> _EXERCISE BRIEF_: Your answer must be the lines from the start of the records through the line with "Pour inscrire leurs", exactly as written, without the pictures.

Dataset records

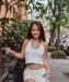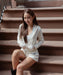 ・コンパクトな美シルエットにこだわった彼女らしいベロアのホットパンツ。
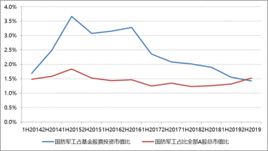 目前基金持有军工股市值360亿,占基金股票投资市值的比例仅为1.43%,这个水平相当于回到了2014年以前的状态。也就是说,未来随着军工行业的一些催化剂,即便是距离历史平均水平(2.4%)也有较大提升空间。
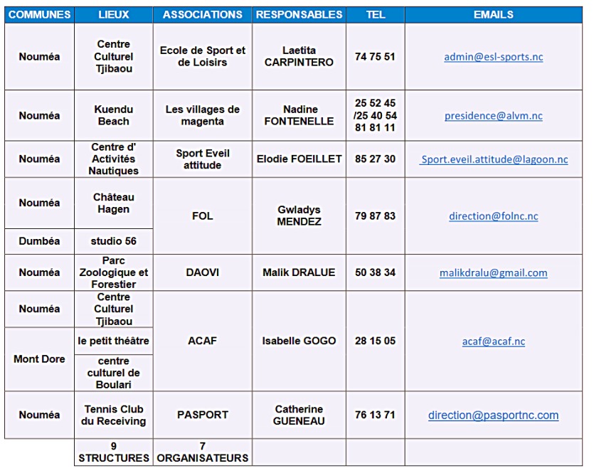 Pour inscrire leurs enfants, les parents doivent contacter directement les structures, indiquées dans le tableau ci-dessous.
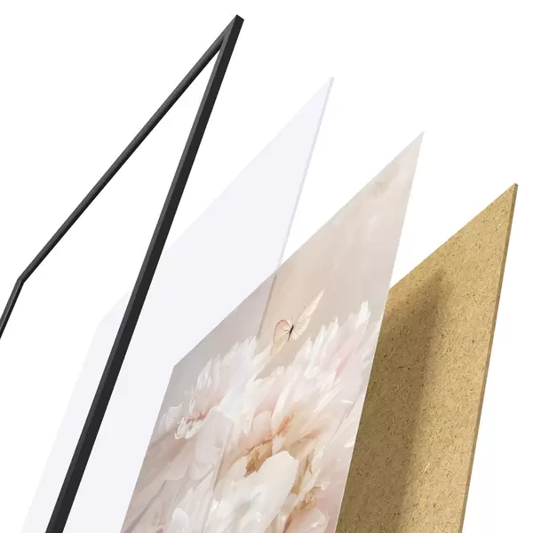 Plakatą sudaro rėmas, pleksiklas, atspausdintas vaizdas ir medžio drožlių plokštės pagrindas. Plakatą galima iš karto pakabinti ant sienos dėl kitoje pusėje esančių laikiklių.
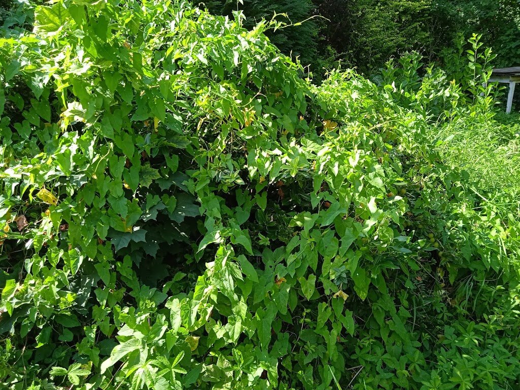 Я уже писала, что участок нам достался с некоторым элементом запущенности. Ну мягко говоря с некоторым. Когда я заглянула в сад, то сразу ушла оттуда. Моя тонкая душевная организация не выдерживала такого неухоженного сада. Вот что вы видите на картинке? Я вьюнок. Это он за месяц нашего отсутствия так вырос Но что под вьюнком? Там откровенный клён, уже достаточно большой т.е. ему не год и не два. Бересклет Фортуча (это мне программа по определению растений подсказала). А самые зоркие ещё могли и крыжовник заметить, а точнее его ягоды. Так вот если отодрать вьюнок, то до крыжовника просто не продраться. Он на столько переплёлся с этим фортучей, что даже не пытайтесь что-то найти. И этот самый Фортуча там забил очень хорошо пространство. Даже попытки прорвать там траву заканчиваются или натыканием на иголки крыжовника (очень вкусный), или выдеранием этого самого Фортучи. Руки жалко и Фортучу жалко. Убрали клён, продрали вьюнок. Хоть смотреть можно. Красиво. Мои приятельницы по рукодел
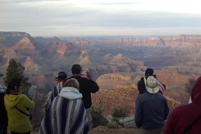 Dein Abend beinhaltet Abholung und Rückfahrt vom zentralen Punkt in Tusayan, Wasserflaschen für alle, Zugang über exklusive Waldgenehmigungen, die Warteschlangen am Südeingang umgehen, sowie Stopps an Aussichtspunkten wie Pipe Creek Vista und Grandview Point vor der Rückkehr nach Sonnenuntergang.
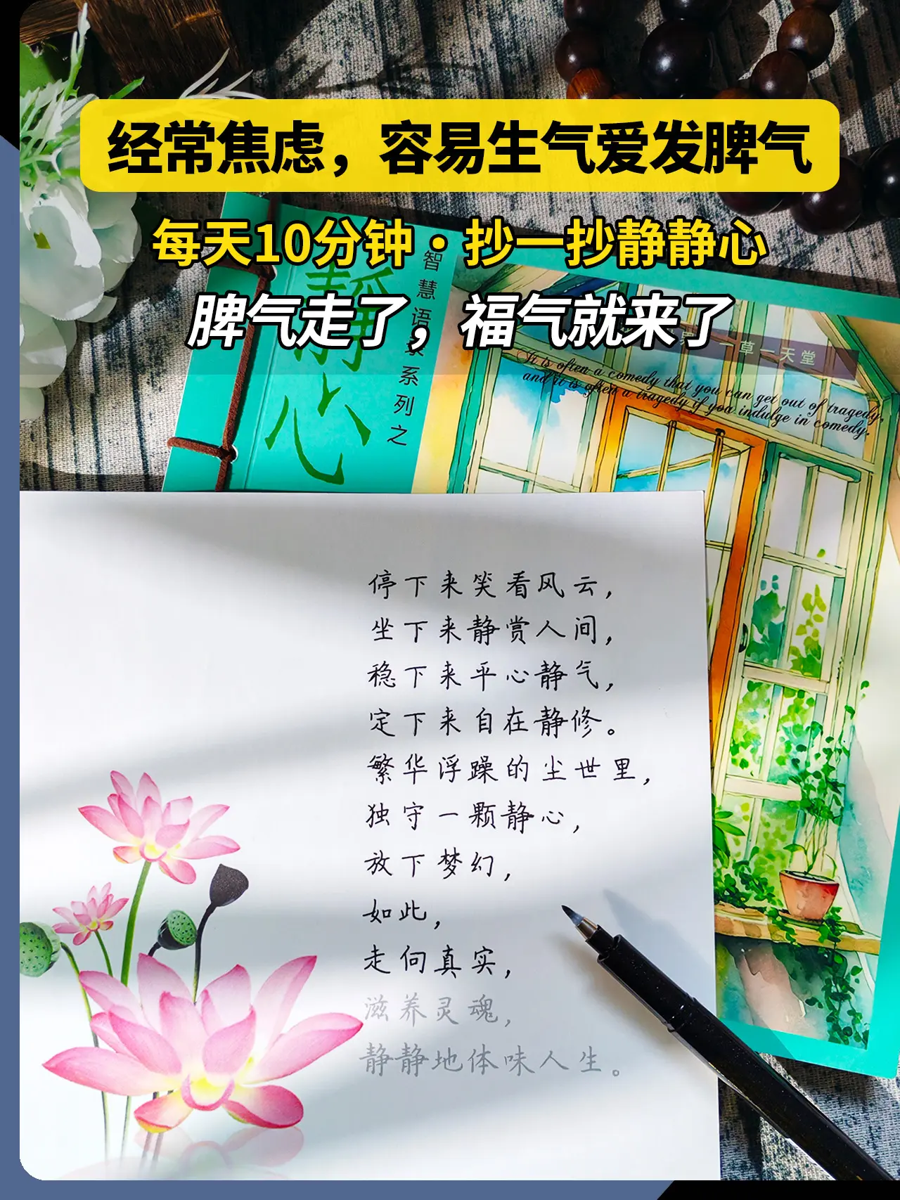 做一个安静的女子, 别让你的脾气挡住了你的福气! 停下来,笑看风云; 坐下来,静赏花开; 沉下来,沉静如海; 定下来,静观自在。 少说抱怨的话,多说宽容的话, 抱怨带来记恨,宽容乃是智慧, 多原谅别人,会善待自己, 多恭敬别人,会庄严自己。 低谷烦躁的时候,抄一抄静静心, 脾气走了,福气就来了。
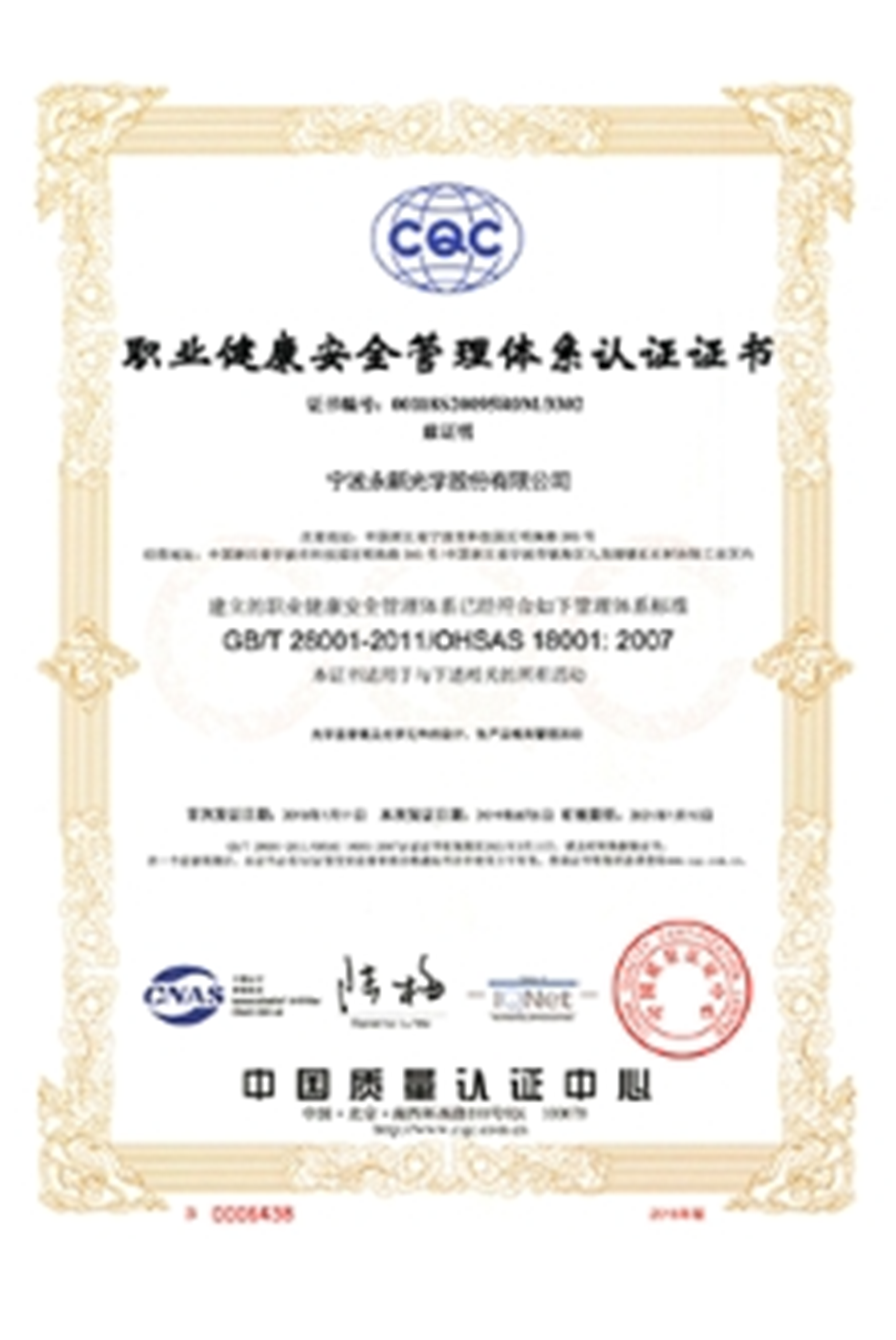 职业健康安全管理体系认证
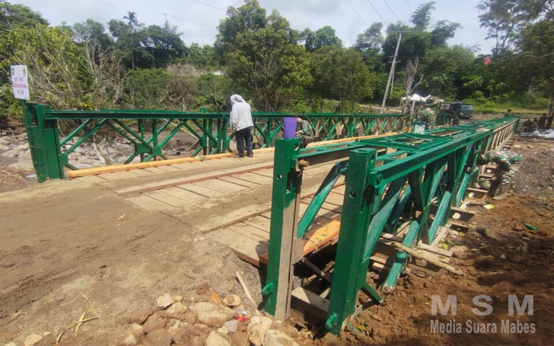 “Sebanyak 1 SST personel Prajurit Yonzikon 12/KJ Menzikon/CRK dengan asitensi dari Pusat Zeni Angkatan Darat (Pusziad) diturunkan untuk membangun jembatan Bailey sejumlah 9 petak type 2-1 guna akses penyaluran ke lokasi bantuan kemanusiaan tersebut, ” tutur Dandim.

> _TASK ANSWER_:
 ・コンパクトな美シルエットにこだわった彼女らしいベロアのホットパンツ。
 目前基金持有军工股市值360亿,占基金股票投资市值的比例仅为1.43%,这个水平相当于回到了2014年以前的状态。也就是说,未来随着军工行业的一些催化剂,即便是距离历史平均水平(2.4%)也有较大提升空间。
 Pour inscrire leurs enfants, les parents doivent contacter directement les structures, indiquées dans le tableau ci-dessous.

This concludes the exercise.